PROVIDED ENTRIES Block Start

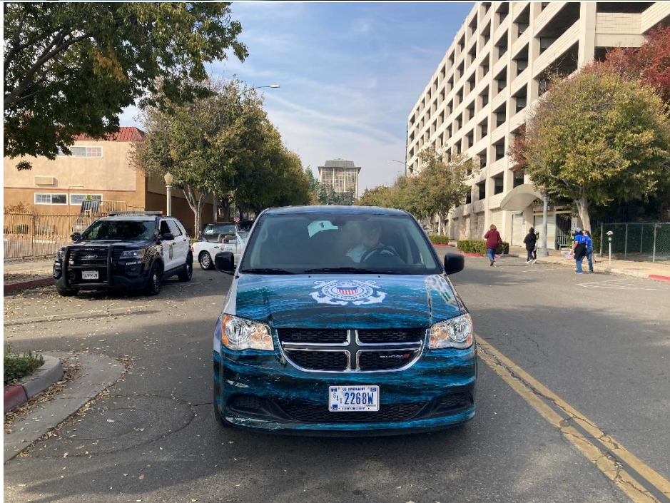
2022 FRESNO VETERAN'S PARADE, CG RECRUITING VAN/ DONALD PIERCE DRIVING
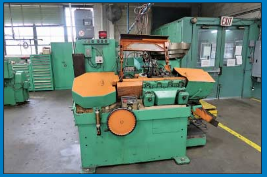
Harford Model 20-225 High Speed Flat Die Thread Roller
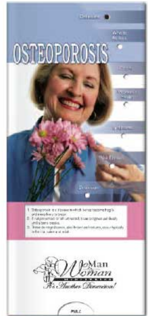
#2047 Pocket Slider Interactive slide chart

Set Up: $35(G). Product Size: 3-3/4" x 8-1/2". Imprint: 2-1/4" x 1-1/8". Production: 10 days. See imprint colors on page 62.
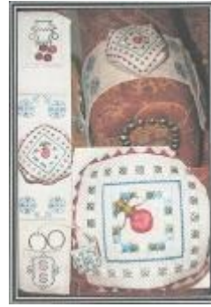
DESIGN - NASH:CS-G Garden Cushion Accessory $ 31.00
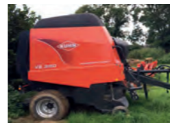
2012 Kuhn VB2160 baler, Crop cutter, drop down draw, wide pick up, excellent condition £15,000 AT

PROVIDED ENTRIES Block End

Each line of the material above should be set down exactly, with no pictures.

2022 FRESNO VETERAN'S PARADE, CG RECRUITING VAN/ DONALD PIERCE DRIVING
Harford Model 20-225 High Speed Flat Die Thread Roller
#2047 Pocket Slider Interactive slide chart

Set Up: $35(G). Product Size: 3-3/4" x 8-1/2". Imprint: 2-1/4" x 1-1/8". Production: 10 days. See imprint colors on page 62.
DESIGN - NASH:CS-G Garden Cushion Accessory $ 31.00
2012 Kuhn VB2160 baler, Crop cutter, drop down draw, wide pick up, excellent condition £15,000 AT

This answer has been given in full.